History suggests the decisive years will fall between 2027 and 2032. By then, debt stress, elite fracture, and mass mobilization will converge. The autocratic experiment, having overreached, will implode under its contradictions. From its ruins will rise a new Republic, one humbler, more decentralized, and finally ready to serve the planet as much as itself.
That is how the Republic might be saved: not by restoring the past, but by designing the next chapter of civilization.
References:
Erica Chenoweth and Maria J. Stephan, Why Civil Resistance Works: The Strategic Logic of Nonviolent Conflict (New York: Columbia University Press, 2011).
Erica Chenoweth, Civil Resistance: What Everyone Needs to Know (New York: Oxford University Press, 2021).
Peter Turchin, Ages of Discord: A Structural-Demographic Analysis of American History (Chaplin, CT: Beresta Books, 2016).
Peter Turchin, End Times: Elites, Counter-Elites, and the Path of Political Disintegration (New York: Penguin Press, 2023).
George Friedman, The Storm Before the Calm: America’s Discord, the Coming Crisis of the 2020s, and the Triumph Beyond (New York: Doubleday, 2020).
Ray Dalio, Principles for Dealing with the Changing World Order: Why Nations Succeed and Fail (New York: Avid Reader Press, 2021).

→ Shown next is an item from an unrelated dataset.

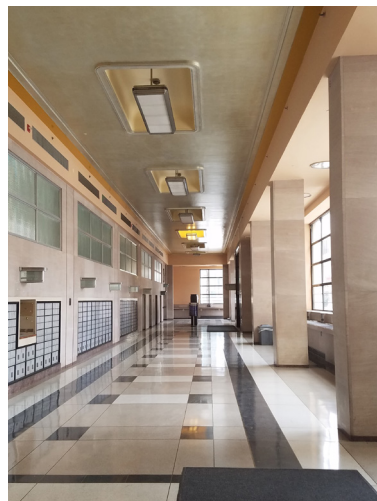
GSA Robert Nix Federal Courthouse Renovation, CM & Cx, Philadelphia, PA

U.S. Bureau of Labor Statistics, “Work Stoppages Summary,” Economic News Release, February 21, 2025, https://www.bls.gov/news.release/wkstp.nr0.htm.
U.S. Department of the Treasury, “Monthly Statement of the Public Debt,” Fiscal Data, accessed September 2025, https://fiscaldata.treasury.gov/datasets/monthly-statement-of-the-public-debt/debt-outstanding.
U.S. Census Bureau, “Income and Poverty in the United States: 2024,” Current Population Reports, September 2025, https://www.census.gov/library/publications.html.
National Oceanic and Atmospheric Administration (NOAA), Billion-Dollar Weather and Climate Disasters: Overview, accessed September 2025, https://www.ncei.noaa.gov/access/billions/.
“No Kings Protests,” Encyclopaedia Britannica, accessed July 2025, https://www.britannica.com/event/No-Kings-protests.
G. Elliott Morris, “Crowdsourced Estimates of U.S. Protest Participation, June 2025,” The Washington Post, June 16, 2025.